Kasama ng ating mga field commanders, tinupad nila ng buong katapatan at katapangan ang kanilang tungkulin sa ating pagsakop ng mga kampo ng MILF. Let the whole country salute the Filipino soldiers who valiantly and bravely fought the rebels in defense of the sovereignty, integrity, and honor of the Republic of the Philippines. Sila ay nakadagdag sa hanay ng ating mga bagong bayani. Ngunit ang buong lipunan ay nakikiramay din sa mga mahal sa buhay ng mga nasawi, sa hanay ng dalawang puwersa, sibilyan man o mga sundalo.

Nakikidalamhati tayo doon sa mga nasaktan at napinsala ng kaguluhang ito. Now that we have won the war, it is time to win the peace.

Toward this end, the government has adopted a four-point strategy in approaching the Mindanao question from hereon. The first is to restore and maintain peace in Mindanao—because without peace, there can be no development. The second is to develop Mindanao—because without development, there can be no peace. The third is to continue seeking peace talks with the MILF within the framework of the Constitution—because a peace agreed upon in good faith is preferable to a peace enforced by force of arms.

And the fourth is to continue with the implementation of the peace agreement between the government and the Moro National Liberation Front [MNLF]—because that is our commitment to our countrymen and to the international community.

I now invite the MILF into a brotherly embrace of peace. Let us walk away from the battlefield and into the conference room. But we must do so in good faith. You must talk peace with us, not talk while preparing for war. And you must accept our conditions. You must drop secession, drop your criminal activities, and drop your arms. These are not requests but demands. They are not proposals but premises.

We can talk about when, where, and how, but not about whether or not. We can be flexible on timetables and methods, but not about principles. The reasons for each demand should be obvious. I will briefly discuss them in reverse order. You must drop your weapons because outside of the Armed Forces of the Philippines and the authorized police forces, no group whatsoever has any right to maintain an armed force or military camps within the sovereign territory of this republic.

Secession by itself is a mere ideology, but if backed by armed force, it becomes a rebellion. A secessionist can only argue, but a rebel can kill. The government has no choice but to disarm the rebel—except for duly licensed personal firearms.

You must drop all your criminal activities because terrorism, bombings, and violence have no place in a civilized society. Criminals have no place in a negotiating table. Their place is in jail. Most of all, you must drop your secessionist goals.

We do not ask that you respect and recognize the sovereignty of the republic. We demand that you do. Secession in the Philippines is an impossible dream.

There simply is no space in our geography, in our demographics, and in all our national mentality for forcibly carving another state out of the present Philippine territory.

For that reason, the foreign models you invoke, like East Timor, will not work for you. Please bear in mind that you are neither the sole occupants nor even the majority in the lands you wish to carve out to convert into your own state.

There are whole Filipino populations in Mindanao—Muslims, Christians, and Lumad—who do not want their territories and their residences disturbed.
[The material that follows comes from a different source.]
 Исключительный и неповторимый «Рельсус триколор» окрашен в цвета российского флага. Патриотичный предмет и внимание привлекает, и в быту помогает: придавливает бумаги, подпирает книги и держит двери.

Not even the majority of the Muslim population shares your separatist views nor the violent means you employ to attain them. The overriding passion of the people of Mindanao is for peace. And the international community as a whole will neither support nor sympathize with secession. In fact, we deeply appreciate the statement of the secretary general of the Organization of Islamic Conference [OIC], encouraging Muslim minorities in nonmember states, and I quote: Secession as a dream is also out of tune with history.
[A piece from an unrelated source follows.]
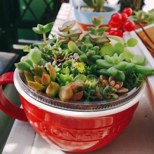 初ちま寄せしてみました!!! セリアの真っ赤なスープマグが可愛くて、活用したくて😍 でもドリルないので、セブンのシャキシャキナムル入ってたサラダパックに穴を開けて被せたらシンデレラフィットです(*´ー`*人)♥♥ 仕立て直し中の星&月の王子達のスキマにセダムをただただ詰め込んだだけで自己満足ですが楽しかったです♪

If there is one lesson that historical evolution has taught us, it is this: That diversity is a cause for celebration, not segregation; that cultural cross-breeding leads to strength while in-breeding leads to weakness; and that cultural identities are enriched by interaction and impoverished by isolation.
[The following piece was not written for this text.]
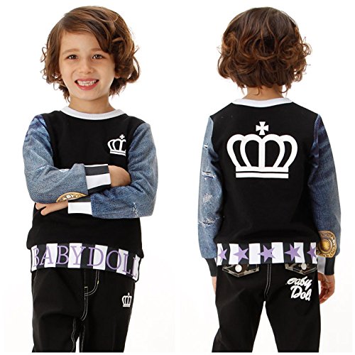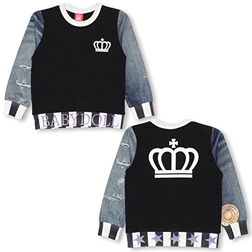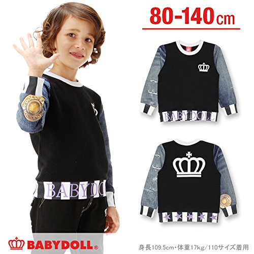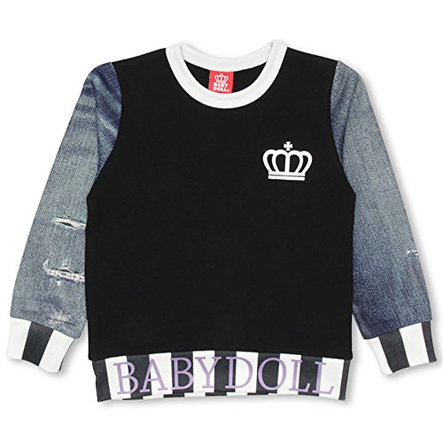 ベビードール デニム総柄切替トレーナー 子供服 140cm ブラック

Some of the most glorious creations and achievements of civilization are the products of the historical confluences between Islam and Christianity. What we should strive for is not just peaceful coexistence but interactive harmony and constructive interdependence. We cannot negotiate over secession. The sovereignty and the integrity of the republic are not available for compromise or trade—not even for the sake of peace. Any peace won by bartering any portion of our sovereignty is an immoral peace.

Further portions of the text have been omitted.